Sunday, July 09, 2006

Final Post From Ukraine...

The Ivano-Frankivsk congregation is small, around 12 attending on a regular Sunday, and has been meeting in a classroom of a business school (The church does have an actual building, sort of, maybe I will post that story when I get home). When these facts are made known, it makes the numbers for VBS even more miraculous. We had 58 children attend, starting with 30 the first day. Over the course of the 8 days, over half of the kids brought at least 1 friend. Once a child had come, it was extremely likely that they continued to return for the rest of the week. I had 16 individual kids come with 10-12 attending regularly by the 4th day. That number would be +1, but one of my boys, Ivan, had to go on vacation to the Black Sea with his family. I have no doubt that this also brought down our already hefty numbers, because we are on the very beginning on what is pretty much national vacation time for Ukrainians. I'm talking whole factories shutting down for 2 weeks.

To say my last day of VBS was bittersweet is an understatement. Everyday I had opened with a review of the previous lesson, with each lesson building on theological concepts, ultimately cumulating with the complete Christian faith. Today, every single one of my questions on the board was on key beliefs, and I can honestly say each and every one of my kids knew and understood them, what is in the heart is out of my control. Their answer for one question particularly amazed me. "What two things are necessary to receive salvation?" Every single hand in the class went up, so I motioned for everyone together. In nearly perfect unison they said: "Whoever believes and is baptized will be saved, but whoever does not believe will be condemned". Mark 16:16 was one of the verses I chosen for memory work. I gave out Chupa Chups, which are a really popular lollipop type candy over here, as a bit of an incentive when they were able to recite their memory work for the day. There answer blew me away, but was also humorous because they answered my next question too. "Without this, and if Jesus had not fulfilled the 3 things necessary in his life to provide forgiveness of sins (this had been a previous question, with the answer being "lived perfectly, died innocently, and rose victoriously"), what would be the result?" So after they told me "condemnation in hell", I said that they are "Too smart" and we all had a good laugh.

The end of class was not filled with quite as much laughter. After I handed out the final prizes, which were the focal point of a game we had been playing over the course of the last couple days to practice their English vocabulary, I handed out my postcards with personal notes to each of the kids. They all asked Pastor Romanuik to translate my messages for them, which is something I wasn't exactly counting on, and it got pretty emotional, but we don't need to talk anymore about that. :)

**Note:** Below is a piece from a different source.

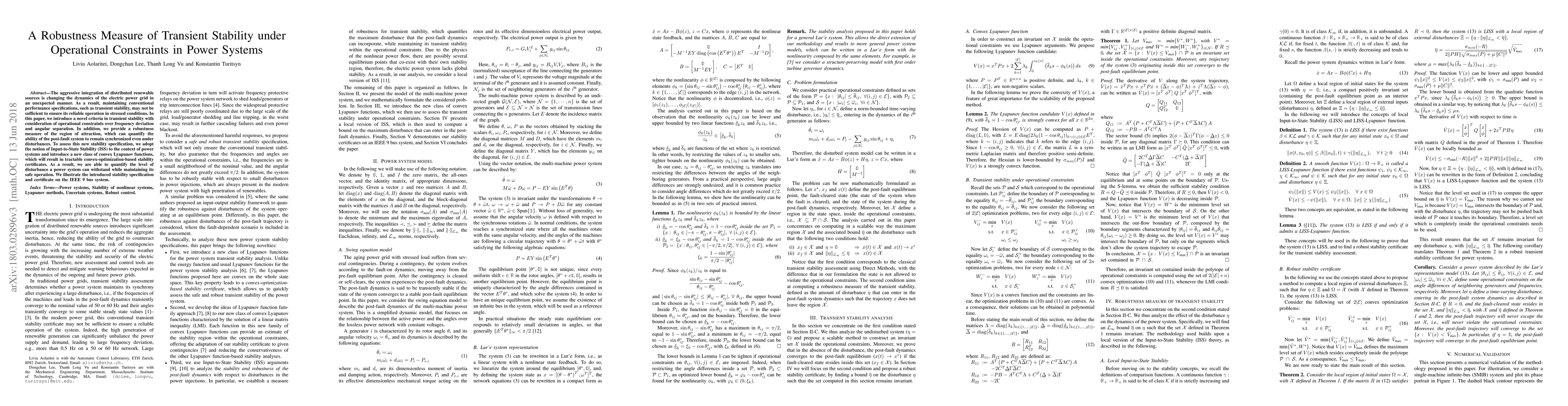 This paper proposes a novel transient stability measure for power systems integrating distributed renewable sources, incorporating operational constraints and a robustness measure based on the region of attraction. It utilizes Input-to-State Stability and convex Lyapunov functions to develop tractable stability certificates, demonstrated on the IEEE 9 bus system.

I just got back from the closing service with the children's concert and we had an amazing turn out. We used the larger room (meant for no more then 30) that we had for VBS and we crammed 84 people in. If this had been America, the fire marshal would be disappointed to say the least. All of the kids in my regular group, except two who are on vacation, showed up. I don't mean to sound selfish but I thank God for this because I was able to say one final good bye. To think I said that our previous goodbye was emotional. (I think I will try and do a post about each of my kids, with pictures of course, when I get back to Oregon.) I thought it was odd how attached some of the kids who were in the other classes, that I rarely interacted, got to me, and visa versa.

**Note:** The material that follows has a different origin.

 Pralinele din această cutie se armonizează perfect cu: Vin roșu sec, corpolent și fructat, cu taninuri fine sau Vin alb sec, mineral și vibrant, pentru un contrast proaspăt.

I will definitely miss all of my kids very much as well as the missionaries Bill and Faith Krug, who I have been staying with. On top of this I have grown pretty close to Pastor Romanuik and his kids; it will be very hard leaving them as well. But as I always say, humans are an extremely resilient kind. It may be hard now, but life will go on to wherever God leads me next, and I will definitely appreciate all the memories I have made in Ukraine. I will update you on my last day in Kiev, my journey home, and of course any reflection on the trip in general that I have when I get back to Oregon. If you want something to look forward to, :) I will be working on a way to get lots of pictures online.

Pray for a safe trip home if you don't mind. Maybe I will be talking to you soon, no? (Here's a practice SAT exam question for you: "no" is to Ukrainians as "eh" is to Canadians. The funny thing is, I am already starting to put a "no?" at the end of my thoughts, even when they are still in my head)

God is Great!
David Knepprath

P.S. Not that it really makes any difference, but I just realized that it is saying I am posting my blogs 10 hours EARLIER then when I actually am posting them. It was set for Pacific Time. I have done most of my writing, and jumping online to post them, either late at night or early in the morning.


Melissa Jo said...

Wow David, that's amazing! I need the Kids would come :) Not just to see you lol but to be in God's presence. I bet you'll be going back to Ukraine some day, you never know with God, he's funny like that. I'll be praying for your trip and all that ensues. Adios -Mel

Mirranda said...

I am glad the final day went so well. I wish you a safe and catatrophe-free trip home. See you soon!